Anyway, over the last few days I've gone deep into the liquid soap rabbit hole on here and you tube, and have thoroughly confused myself!

I'd like to make an occasional batch of liquid soap, because some of my friends prefer body wash and liquid hand soap.

So, here are some of my thoughts so far:

1. Is CPLS easy enough to get right compared to HP? It seems that it basically swaps the use of time for heat. I don't have a slow cooker I'm prepared to use for soap at the moment.

2. Is glycerine essential? I can get some, but if I can make a beginner batch with my usual CP ingredients, I'd prefer not to need to buy anything until after pay day.
2.1 How do you figure out how much glycerine to use, if you decide to use it?

3. I'm guessing the properties of oils/fats in LS are the same as in CP/HP bar soap? Like coconut creating lots of bubbles but being a bit harsh at a high %, or lard giving a nice skin feel.

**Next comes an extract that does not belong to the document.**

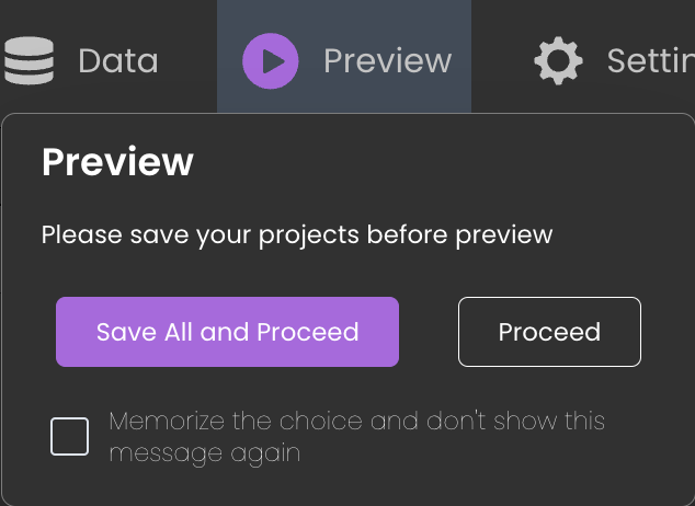 Vor der Vorschau der Anwendung wird eine Warnung angezeigt, wenn ungespeicherte Elemente vorhanden sind. Sie können wählen, ob Sie diese ignorieren oder alle Elemente speichern möchten.

Finally, is anyone able to suggest or point me towards a beginner recipe suitable for body wash/hand soap, using some or all of the following: olive oil, coconut oil, lard, shea butter and castor oil? Thank you!
 
The advantage of using glycerin is that the soap gets to trace quicker and easier than if you don't use any glycerin. If you want to use a CP method, using glycerin is especially helpful.

Yes, CP uses less heat and more time and HP uses more heat and less time, but another aspect of this is KOH is more finicky about coming to a stable trace compared with NaOH. To get to that point of stable trace, it's helpful to either use heat at least initially or use glycerin. Then its up to you whether to continue to heat to finish saponifying (HP) or let the batter finish at room temp (CP).

For that reason, I recommend using glycerin for your first batch, whether CP or HP. Once you get a better feel for what you're doing, try making liquid soap with only water and see how that goes.

My preference when I use glycerin is to use a blend of 50% water and 50% glycerin. Example -- the total "water" weight is 200 grams. I use 100 grams water and 100 grams glycerin.

You also need to check that the water weight is equal to or more than the KOH weight. Like NaOH, KOH won't fully dissolve if the water weight is less than the KOH weight. I've never had to adjust that, but it's always wise to make sure.

Dilute the KOH in room temperature distilled water first so the KOH dissolves quickly and easily. Then add the glycerin to that mixture. Add the hot lye mixture to the fats -- no need to let it cool down.

Theoretically, yes, you can convert a bar soap recipe into a liquid soap recipe if you want to. But it may not work as well as you'd like, because there are other considerations to think about when making a KOH soap rather than an NaOH soap. You need to account for the KOH purity, limit the superfat, pick fats to ensure clarity (if that's a goal), control the oleic acid content to get good viscosity in the diluted soap, dilute properly to control the chance of microbial contamination, etc. I'll point you toward a couple articles I wrote about these issues: Liquid soap recipes | Soapy Stuff and Liquid soap making | Soapy Stuff

I strongly recommend using the Irish Lass / Carrie-3bees recipe of 65% olive, 25% coconut, and 10% castor as your first batch. Irish Lass explains more here: Soaping 101 liquid soapmaking video?. See Posts 8 and 9.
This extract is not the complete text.